Exercise data:
★ ★ ★
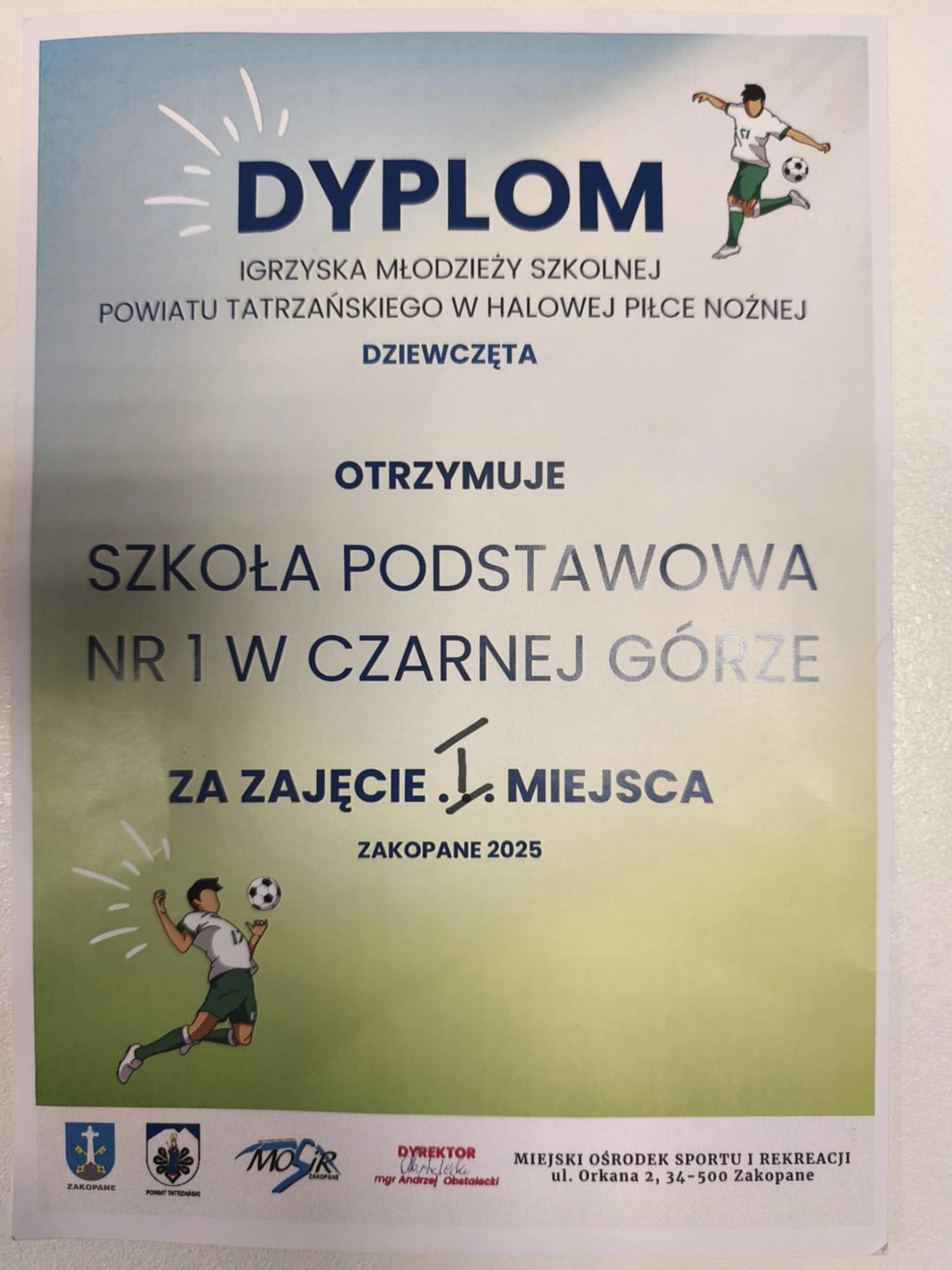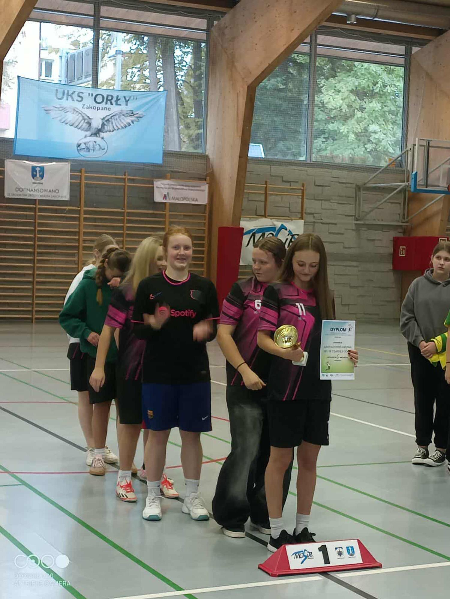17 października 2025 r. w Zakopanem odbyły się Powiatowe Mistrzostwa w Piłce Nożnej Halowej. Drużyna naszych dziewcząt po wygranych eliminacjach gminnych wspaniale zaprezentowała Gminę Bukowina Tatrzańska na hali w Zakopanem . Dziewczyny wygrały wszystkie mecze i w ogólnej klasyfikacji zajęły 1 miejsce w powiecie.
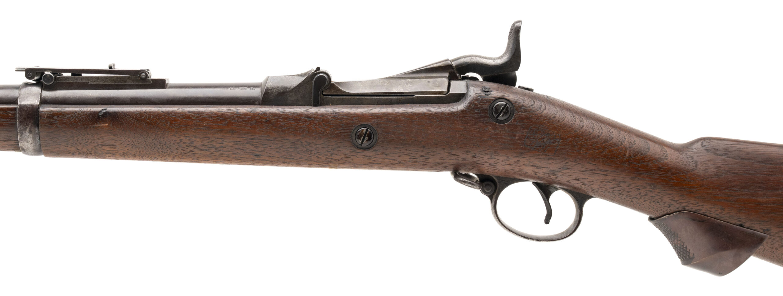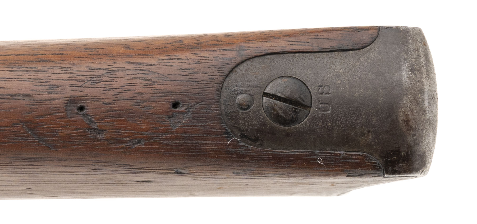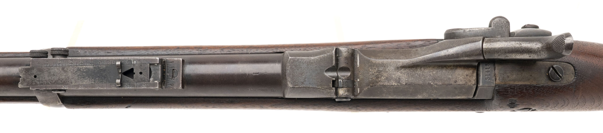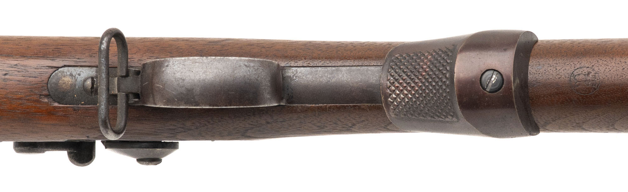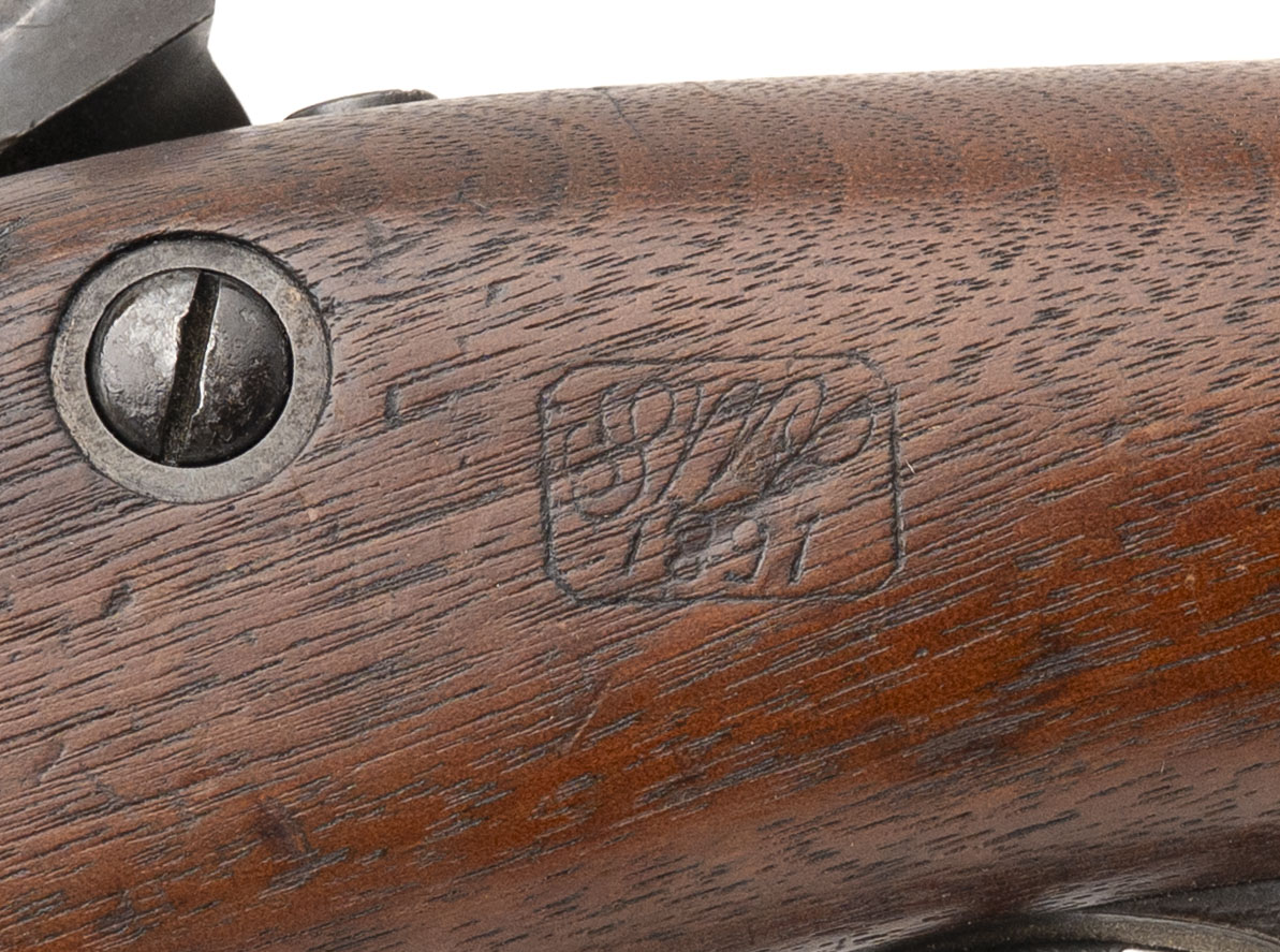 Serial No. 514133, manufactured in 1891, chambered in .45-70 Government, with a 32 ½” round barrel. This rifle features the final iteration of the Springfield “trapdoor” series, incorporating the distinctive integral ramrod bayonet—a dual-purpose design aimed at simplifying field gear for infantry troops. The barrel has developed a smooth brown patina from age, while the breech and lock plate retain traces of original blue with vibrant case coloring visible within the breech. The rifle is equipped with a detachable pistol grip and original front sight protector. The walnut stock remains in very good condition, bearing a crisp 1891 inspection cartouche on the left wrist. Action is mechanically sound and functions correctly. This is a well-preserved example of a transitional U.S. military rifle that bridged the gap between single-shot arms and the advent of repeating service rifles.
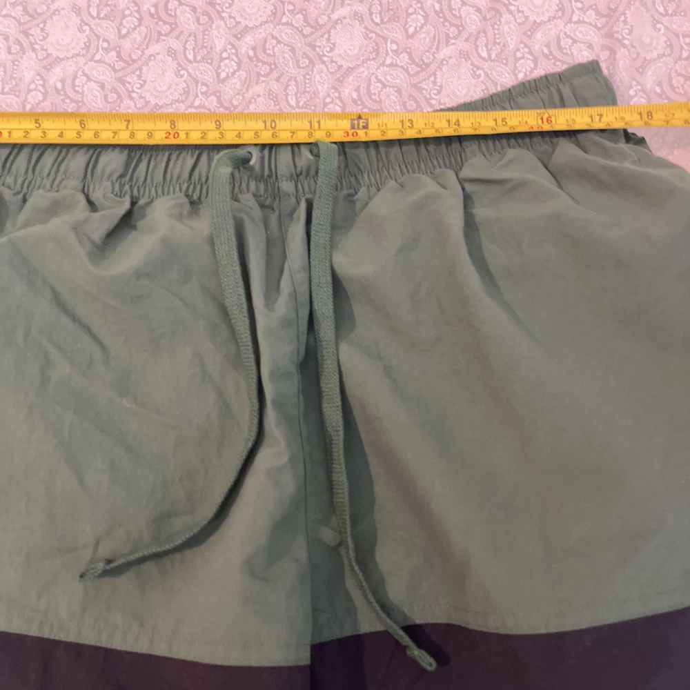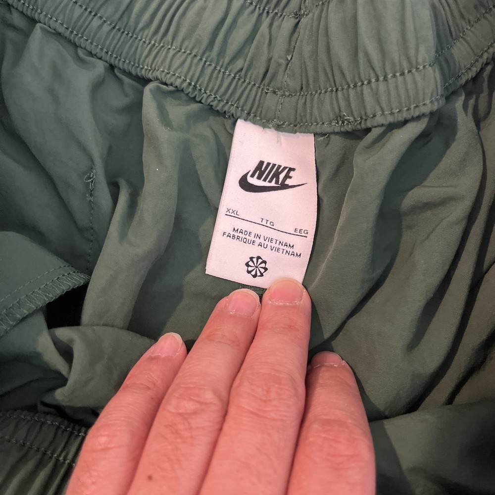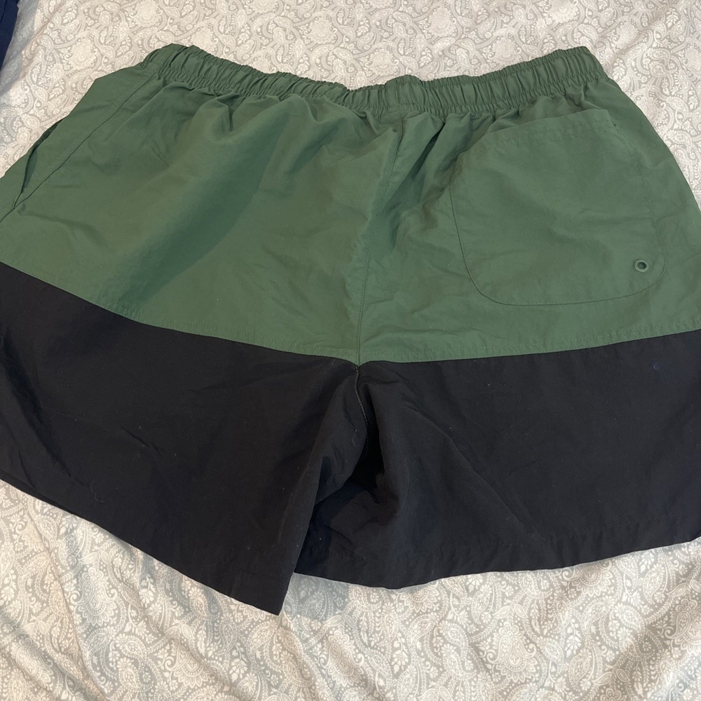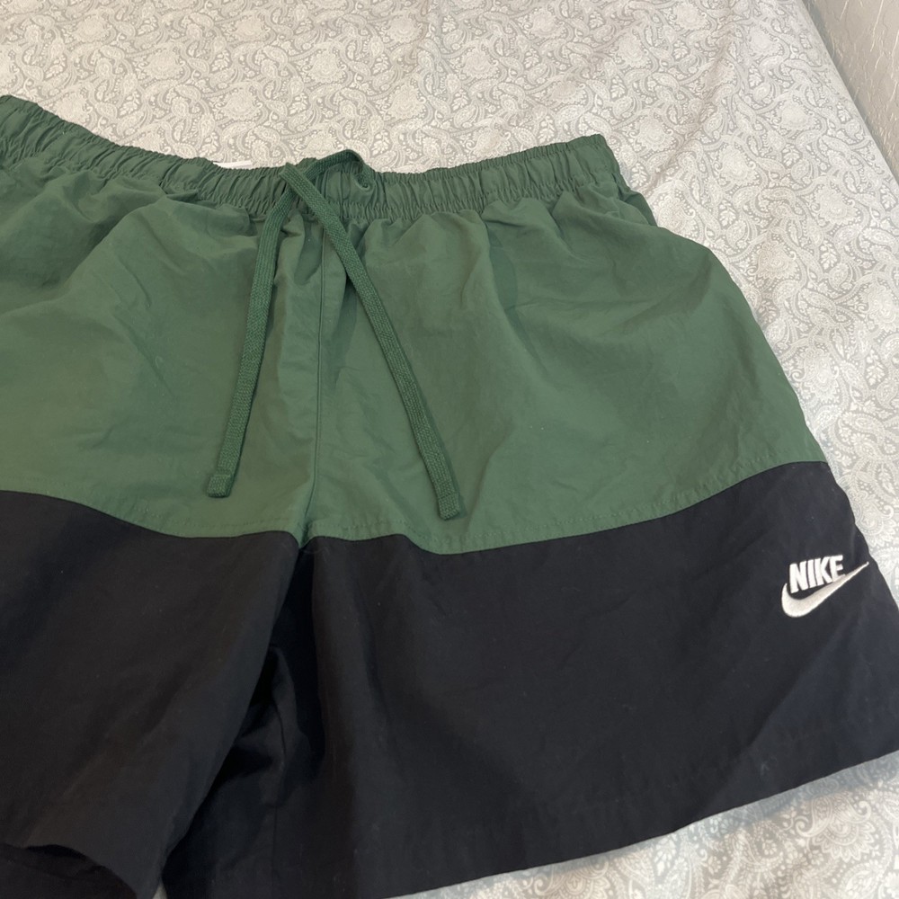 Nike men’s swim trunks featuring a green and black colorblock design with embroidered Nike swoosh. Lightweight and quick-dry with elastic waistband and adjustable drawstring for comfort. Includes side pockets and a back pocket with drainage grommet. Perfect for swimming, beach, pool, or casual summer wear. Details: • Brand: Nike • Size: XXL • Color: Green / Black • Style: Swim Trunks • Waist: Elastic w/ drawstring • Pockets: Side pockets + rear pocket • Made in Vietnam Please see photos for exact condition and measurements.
★ ★ ★
Work required: Retype all of the listing word for word and skip the pictures.

Written response:
17 października 2025 r. w Zakopanem odbyły się Powiatowe Mistrzostwa w Piłce Nożnej Halowej. Drużyna naszych dziewcząt po wygranych eliminacjach gminnych wspaniale zaprezentowała Gminę Bukowina Tatrzańska na hali w Zakopanem . Dziewczyny wygrały wszystkie mecze i w ogólnej klasyfikacji zajęły 1 miejsce w powiecie.
 Serial No. 514133, manufactured in 1891, chambered in .45-70 Government, with a 32 ½” round barrel. This rifle features the final iteration of the Springfield “trapdoor” series, incorporating the distinctive integral ramrod bayonet—a dual-purpose design aimed at simplifying field gear for infantry troops. The barrel has developed a smooth brown patina from age, while the breech and lock plate retain traces of original blue with vibrant case coloring visible within the breech. The rifle is equipped with a detachable pistol grip and original front sight protector. The walnut stock remains in very good condition, bearing a crisp 1891 inspection cartouche on the left wrist. Action is mechanically sound and functions correctly. This is a well-preserved example of a transitional U.S. military rifle that bridged the gap between single-shot arms and the advent of repeating service rifles.
 Nike men’s swim trunks featuring a green and black colorblock design with embroidered Nike swoosh. Lightweight and quick-dry with elastic waistband and adjustable drawstring for comfort. Includes side pockets and a back pocket with drainage grommet. Perfect for swimming, beach, pool, or casual summer wear. Details: • Brand: Nike • Size: XXL • Color: Green / Black • Style: Swim Trunks • Waist: Elastic w/ drawstring • Pockets: Side pockets + rear pocket • Made in Vietnam Please see photos for exact condition and measurements.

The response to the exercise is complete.